Supplied data:
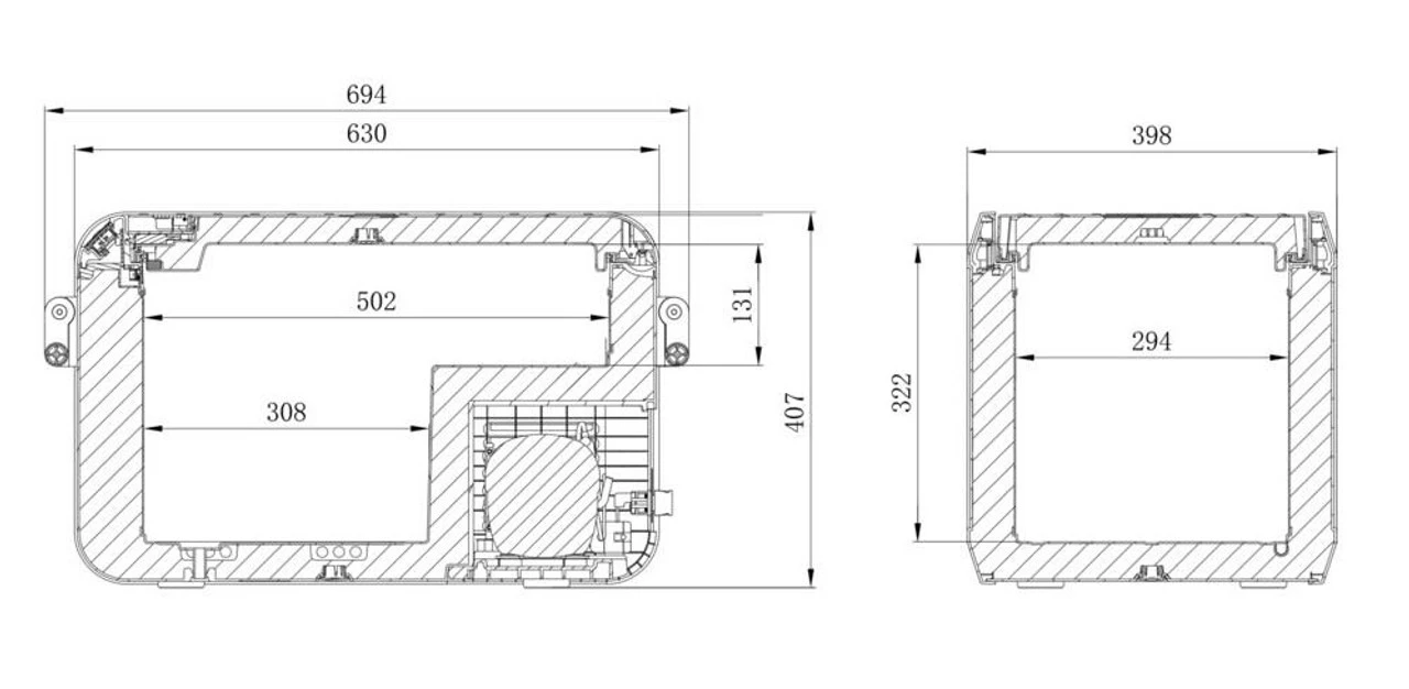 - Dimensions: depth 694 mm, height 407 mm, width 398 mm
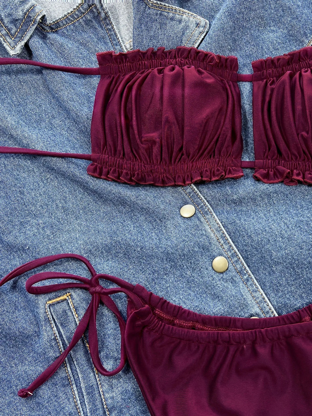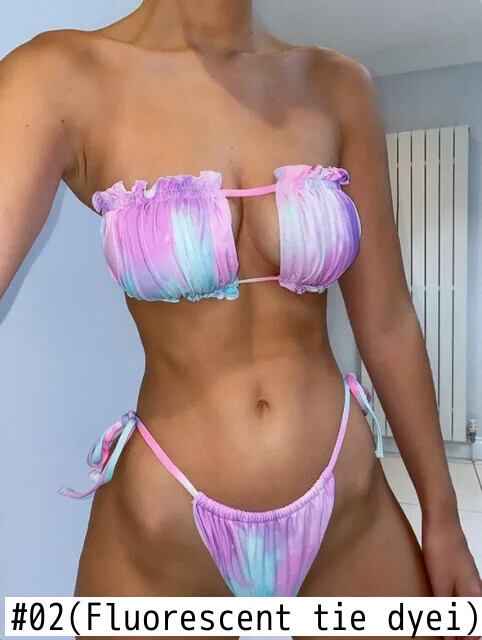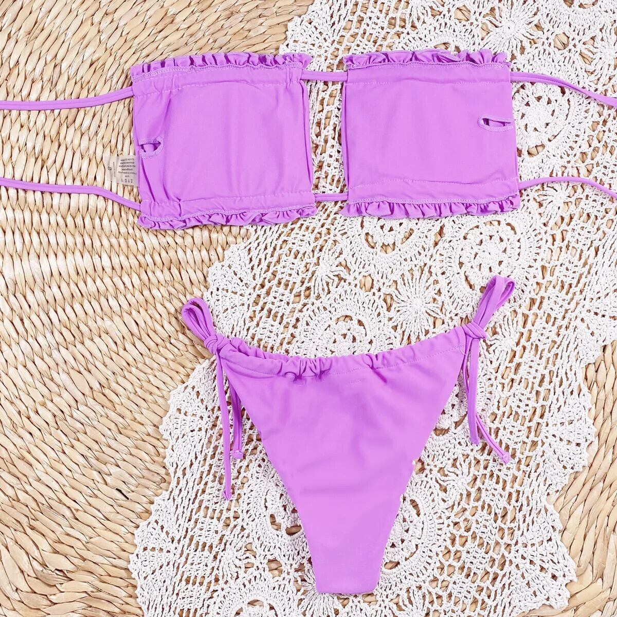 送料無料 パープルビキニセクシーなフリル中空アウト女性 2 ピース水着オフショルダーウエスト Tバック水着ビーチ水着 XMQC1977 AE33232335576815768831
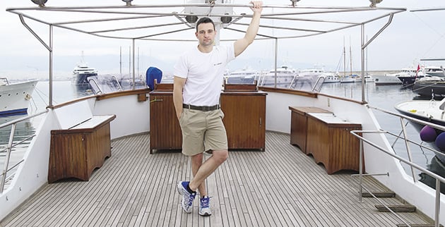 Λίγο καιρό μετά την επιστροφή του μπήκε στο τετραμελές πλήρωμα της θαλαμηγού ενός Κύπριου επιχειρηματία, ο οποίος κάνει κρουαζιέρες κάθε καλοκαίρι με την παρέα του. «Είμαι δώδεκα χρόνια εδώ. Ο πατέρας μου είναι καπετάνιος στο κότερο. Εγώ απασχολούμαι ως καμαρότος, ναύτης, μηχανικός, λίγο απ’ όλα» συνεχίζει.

Problem details: Everything in the data above should be set down again exactly, except the pictures.

Solution to this exercise:
 - Dimensions: depth 694 mm, height 407 mm, width 398 mm
 送料無料 パープルビキニセクシーなフリル中空アウト女性 2 ピース水着オフショルダーウエスト Tバック水着ビーチ水着 XMQC1977 AE33232335576815768831
 Λίγο καιρό μετά την επιστροφή του μπήκε στο τετραμελές πλήρωμα της θαλαμηγού ενός Κύπριου επιχειρηματία, ο οποίος κάνει κρουαζιέρες κάθε καλοκαίρι με την παρέα του. «Είμαι δώδεκα χρόνια εδώ. Ο πατέρας μου είναι καπετάνιος στο κότερο. Εγώ απασχολούμαι ως καμαρότος, ναύτης, μηχανικός, λίγο απ’ όλα» συνεχίζει.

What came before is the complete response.